In one embodiment, the electron gun 110 operates at a pressure of about a few mTorr while the microwave source generates a plasma, which is subsequently controlled at a pressure within the reaction chamber of between 300 mTorr and 2 Torr. The pressure within the plasma applicator 130 is slightly higher than the pressure within the reaction chamber. To allow the electron gun to operate at its nominal pressure and help mitigate this difference, a differential pumping system, 122, may be employed.
A typical processing condition for a hydrogen microwave stripping plasma is 2500 W of microwave power/5000 SCCM HeH2 gas/550 mT. Helium serves the dual purpose of acting as a carrier gas and minimizing pyrophoric related risks associated with the use of pure hydrogen. Within such a pressure regime, a differential pumping system can be beneficial to ensure optimal performance of the electron gun.

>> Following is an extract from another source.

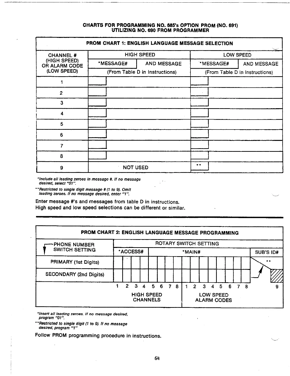 CHARTS FOR PROGRAMMING NO. 665’sOPTION PROM (NO. 691)

To increase the amount of activated hydrogen, in one embodiment, the electron gun 110 provides a supply 120 of high energy electrons into the plasma applicator 130, where they interact with the plasma and increase the amount of activated hydrogen therein. The supply of high energy electrons may be in the form of an electron beam 120. One or more aligned orifices, shown generally as 118, may be used to better collimate the electron beam. In an alternate embodiment, the electron gun provides its supply of electrons directly into the reaction chamber 102 where the boosting takes place.
In one embodiment, in step 306, the microwave source 140 is turned on first, and only then is the electron gun 110 turned on. Detectors may be used to determine when the electron gun 110 should be turned on, after the microwave source 140 has been activated. Then in step 308, the electron gun 110 is turned off first, and only then is the plasma source 140 turned off. In another embodiment, both the electron gun 110 and the microwave source 140 are turned on at the same time, and turned off at the same time. In still another embodiment, the electron gun 110 is the first to be turned on, and also the first to be turned off. And in yet other embodiments, one or the other of the electron gun 110 and the microwave source 140 is the first to be turned on and also the first to be turned off.

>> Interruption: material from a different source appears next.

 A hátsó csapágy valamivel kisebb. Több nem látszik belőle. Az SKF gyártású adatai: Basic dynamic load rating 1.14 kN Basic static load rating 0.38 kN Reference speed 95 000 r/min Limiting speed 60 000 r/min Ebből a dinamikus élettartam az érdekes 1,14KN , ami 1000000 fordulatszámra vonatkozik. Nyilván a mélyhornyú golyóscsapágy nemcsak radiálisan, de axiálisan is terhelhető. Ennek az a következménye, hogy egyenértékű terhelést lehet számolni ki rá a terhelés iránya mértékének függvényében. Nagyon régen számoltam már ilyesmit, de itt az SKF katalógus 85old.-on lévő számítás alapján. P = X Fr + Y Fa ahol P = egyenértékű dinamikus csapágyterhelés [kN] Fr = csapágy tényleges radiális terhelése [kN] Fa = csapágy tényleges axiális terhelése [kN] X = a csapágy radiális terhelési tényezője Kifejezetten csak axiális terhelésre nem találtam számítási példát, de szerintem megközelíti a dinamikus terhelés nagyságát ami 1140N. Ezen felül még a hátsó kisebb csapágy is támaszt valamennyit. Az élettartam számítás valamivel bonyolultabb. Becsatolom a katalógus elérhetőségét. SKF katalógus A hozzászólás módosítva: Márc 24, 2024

It is further understood that the electron gun 110 need not be on at all times during the entire stripping process.
In one embodiment, to prolong the life of the filament, the electron gun 110 may only be selectively activated during certain key steps of a stripping process that has numerous steps. For example, the electron gun may be turned on for fewer than 20% of all steps conducted during the stripping process.
In another embodiment, the electron gun 110 is turned on for no more than a predetermined percentage of time that the microwave source 140 is turned on. For example, the electron gun may only be turned on for, say, 25% of the time that the microwave source is turned on, and so has a 25% duty cycle relative to the microwave source.

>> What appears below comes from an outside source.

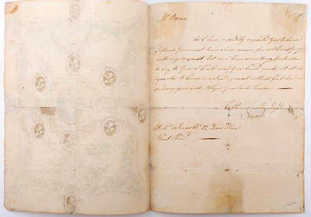 البطاقة تعود إلى عام 1797 وتتميز بتصميم رقيق مع صورة أنيقة لإمراة، أما الرسالة داخلها، فموجهة من سيدة تدعى كاثرين موسداي إلى رجل اسمه براون يعيش في لندن.

And when it is turned on, the electron gun 110 may be used in either a continuous mode or in a pulsed mode, as needed. In one embodiment, the electron gun is pulsed wherein the pulse timing is on the order of between 100 ms and 10 s. The electron gun's duty cycle may be such that it is on for less than 30% of the time, even while it is pulsing.
Furthermore, the shutter 146 may be used to selectively open and close the apertures during any of the foregoing situations.
Although the present invention has been described to a certain degree of particularity, it should be understood that various alterations and modifications could be made without departing from the scope of the invention as hereinafter claimed. For instance, while in the foregoing discussion, only one electron source is connected to the chamber, there can be instances where it would be beneficial to couple two or multiple electron sources to the processing chamber. Also, instead of an activated hydrogen gas, and electron gun may be used to boost the amount of activated species even when the gas is not hydrogen.